An interesting question is whether this type of endurance game can inspire non-athletes to take-up endurance sports, and expand the overall market. Given the inherent pain involved with endurance sports, it would have to be one hell of a game!

Is it just a game…or can it be reality?

There are an established set of techniques that drive user satisfaction and business performance:

  1. Create a simple but bespoke scoring system that hooks users and encourages repeat use.
  2. Develop a community that can compete, compare results and create ongoing ‘community buzz’.
  3. Leverage the latest technologies to create virtual or augmented realities to enhance the enjoyment of users and open up additional marketing opportunities.

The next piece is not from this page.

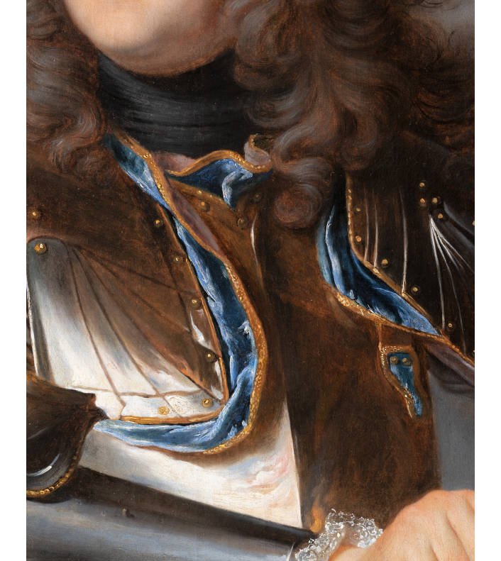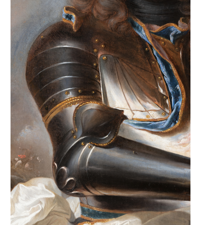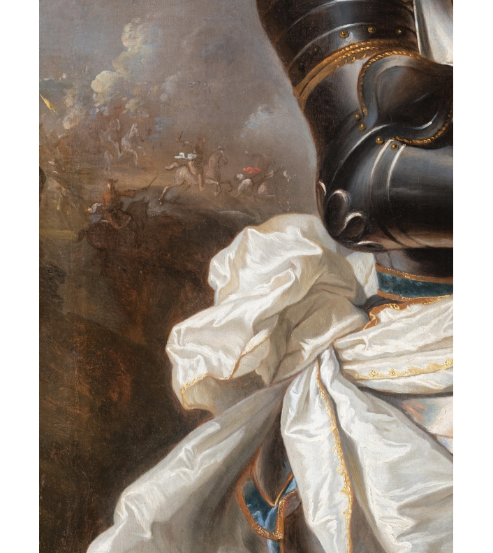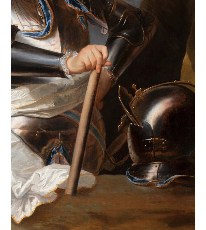 L’éclairage, volontairement théâtral, illumine abondamment le visage du modèle et crée de puissants reflets sur la surface polie de l’armure. Malgré la posture relativement statique du personnage, les drapés flottants de l’écharpe blanche introduisent un mouvement qui confère à l’ensemble dynamisme et vigueur. De cette mise en scène émane une impression de puissance et de charisme : par sa stature, son port de tête et son attitude, le jeune comte apparaît comme l’incarnation idéale du noble guerrier au début du XVIIIème siècle.
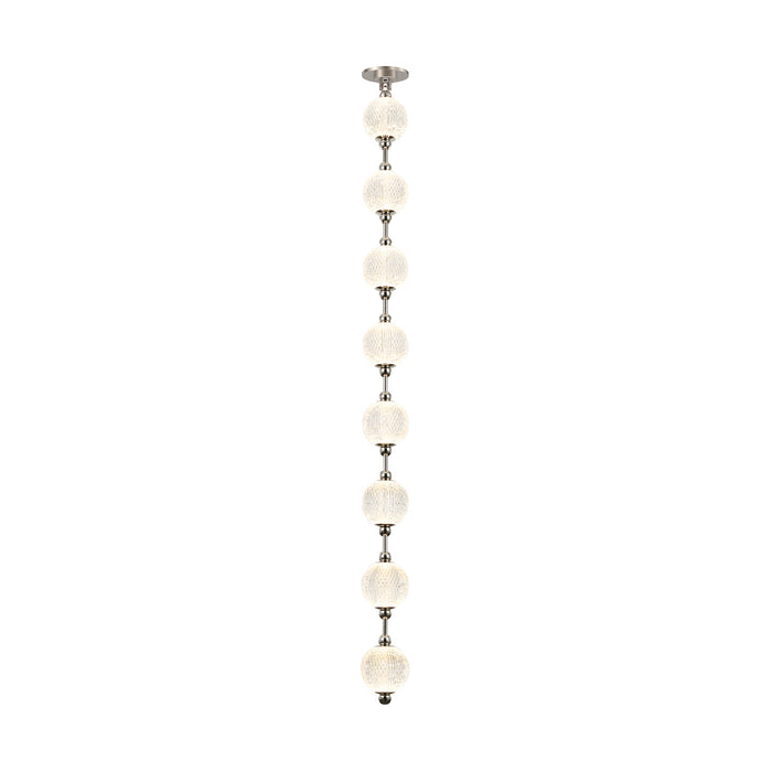 Like a gorgeously beaded garment, the Marni collection adds luxury and interest to any design. Meticulously cut-acrylic shades create glittering beams of illumination throughout the design. Available in Polished Nickel and Natural Brass accompaniments. Table lamp configuration is available in Natural Brass with Natural Linen Shade and Polished Nickel with White Linen Shade.

Companies should, however, be aware that there are some clear tensions between gamification and real-world training. Endurance training fundamentally requires continuous concentration on a few key metrics. Therefore, too many game elements can simply be distracting and counterproductive. Part of endurance training is also to train the mind to remain focused in non-stimulating environments. Endurance sport is not obviously fun like a computer game. Going through tough training, where you feel like giving up, is part of what is needed to make one successful. Technology also has a long way to go before it can truly compete with outdoor experiences…if it ever could.


Posted by The Editors

The Editors of The Endurance Times: Hasan Iqbal and Kamil Klamann


  1. Very well crafted article.


  2. Nice thoughts on gamification. Do you think it makes sense for companies to ‘make-up’ their own scores vs use standard measures like watts


    1. Thanks for the thought Alex. Some might say it is a little nefarious of companies to do this. For absolute measures it seems unnecessary, but for measures that take a set of different inputs like heart rate, distance, speed to create a composite it is needed. A catchy name definitely helps as well!